One of those questions was whether UW Health was, despite Act 10, required to respect employees’ rights to unionize under the state’s 1939 Peace Act, which enshrines union rights for private sector workers in Wisconsin. The Wisconsin Employment Relations Commission (WERC) concluded in November 2022 that the labor peace act did not apply to the hospital system. That decision is now being appealed in Dane County Circuit Court.
Earlier this year the state Supreme Court declined UW Health’s petition to bypass lower courts and consider the separate question of whether the hospital authority could voluntarily recognize and bargain with the union. The WERC opinion did not address that question.
The UW Health agreement with the union to hold discussions also includes a provision that the nurses would not strike for union recognition.

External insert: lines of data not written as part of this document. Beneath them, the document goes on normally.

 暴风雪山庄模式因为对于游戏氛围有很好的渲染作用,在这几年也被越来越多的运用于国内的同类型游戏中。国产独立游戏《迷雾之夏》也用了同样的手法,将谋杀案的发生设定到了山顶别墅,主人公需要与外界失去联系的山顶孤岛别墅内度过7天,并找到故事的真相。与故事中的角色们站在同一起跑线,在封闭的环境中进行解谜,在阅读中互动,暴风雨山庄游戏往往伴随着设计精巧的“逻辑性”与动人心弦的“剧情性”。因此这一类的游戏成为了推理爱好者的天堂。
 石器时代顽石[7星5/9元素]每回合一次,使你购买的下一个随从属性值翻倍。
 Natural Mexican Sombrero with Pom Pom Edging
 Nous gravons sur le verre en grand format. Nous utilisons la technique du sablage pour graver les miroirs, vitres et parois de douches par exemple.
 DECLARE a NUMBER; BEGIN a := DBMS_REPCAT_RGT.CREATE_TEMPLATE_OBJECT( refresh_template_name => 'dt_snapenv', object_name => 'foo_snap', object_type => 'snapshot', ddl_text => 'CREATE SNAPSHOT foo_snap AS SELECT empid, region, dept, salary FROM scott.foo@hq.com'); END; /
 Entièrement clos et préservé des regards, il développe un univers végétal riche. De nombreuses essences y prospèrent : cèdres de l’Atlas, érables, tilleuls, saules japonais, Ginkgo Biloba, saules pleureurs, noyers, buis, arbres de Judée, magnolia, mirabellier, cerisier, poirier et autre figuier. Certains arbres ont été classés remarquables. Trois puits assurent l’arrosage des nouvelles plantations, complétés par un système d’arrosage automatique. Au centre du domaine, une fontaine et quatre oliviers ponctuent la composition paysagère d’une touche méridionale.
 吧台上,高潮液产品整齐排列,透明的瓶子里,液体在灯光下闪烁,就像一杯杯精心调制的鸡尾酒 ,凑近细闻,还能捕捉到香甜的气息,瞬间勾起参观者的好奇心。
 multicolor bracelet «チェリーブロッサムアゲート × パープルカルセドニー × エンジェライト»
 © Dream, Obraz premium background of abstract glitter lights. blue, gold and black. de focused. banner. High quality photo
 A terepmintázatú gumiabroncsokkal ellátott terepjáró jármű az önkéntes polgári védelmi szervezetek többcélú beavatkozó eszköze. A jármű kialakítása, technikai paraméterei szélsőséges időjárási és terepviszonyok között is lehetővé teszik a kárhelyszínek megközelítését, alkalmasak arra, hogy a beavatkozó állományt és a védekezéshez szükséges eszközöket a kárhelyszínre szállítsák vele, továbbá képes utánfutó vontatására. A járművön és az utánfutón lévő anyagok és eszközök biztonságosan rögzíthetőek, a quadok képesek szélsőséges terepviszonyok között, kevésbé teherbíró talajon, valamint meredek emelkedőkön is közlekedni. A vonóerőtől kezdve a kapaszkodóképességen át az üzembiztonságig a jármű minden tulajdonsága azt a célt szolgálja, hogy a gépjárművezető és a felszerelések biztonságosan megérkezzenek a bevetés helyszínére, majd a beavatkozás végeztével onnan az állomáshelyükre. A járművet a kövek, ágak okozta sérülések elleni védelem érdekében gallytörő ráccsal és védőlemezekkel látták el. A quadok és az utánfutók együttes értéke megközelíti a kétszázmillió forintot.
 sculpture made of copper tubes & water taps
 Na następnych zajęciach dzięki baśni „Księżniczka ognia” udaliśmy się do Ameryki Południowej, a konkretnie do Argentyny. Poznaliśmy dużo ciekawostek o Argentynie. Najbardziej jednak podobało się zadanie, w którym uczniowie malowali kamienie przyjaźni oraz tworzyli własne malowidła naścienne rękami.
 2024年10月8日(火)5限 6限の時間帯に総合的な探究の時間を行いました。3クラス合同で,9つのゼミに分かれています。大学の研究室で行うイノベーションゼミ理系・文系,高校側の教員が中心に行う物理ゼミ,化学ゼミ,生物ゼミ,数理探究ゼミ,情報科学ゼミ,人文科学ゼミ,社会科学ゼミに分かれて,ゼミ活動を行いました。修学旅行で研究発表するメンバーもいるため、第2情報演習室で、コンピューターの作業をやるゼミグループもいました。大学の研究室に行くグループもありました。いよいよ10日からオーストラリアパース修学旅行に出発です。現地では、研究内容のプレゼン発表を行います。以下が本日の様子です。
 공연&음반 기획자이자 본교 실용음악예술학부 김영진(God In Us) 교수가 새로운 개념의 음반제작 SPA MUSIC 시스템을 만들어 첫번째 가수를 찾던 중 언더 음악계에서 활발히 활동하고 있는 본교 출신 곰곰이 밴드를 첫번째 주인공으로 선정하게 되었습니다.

The memo from executives to nurses Friday cited that provision. The memo also noted references in a Milwaukee Journal Sentinel article published Friday to the prospect of a walkout over the dissatisfaction among nurses.
The UW Health memo said if that happened, it would violate the agreement as well carry risks that the action would not be protected by state or federal labor laws.
Nurses have said that a job action is not planned but that they won’t rule it out, and that it would not violate the agreement because it would be over job issues, not to seek union recognition. Nurses’ union advocates have also said that if there is a walkout it would be preceded by a democratic rank-and-file vote.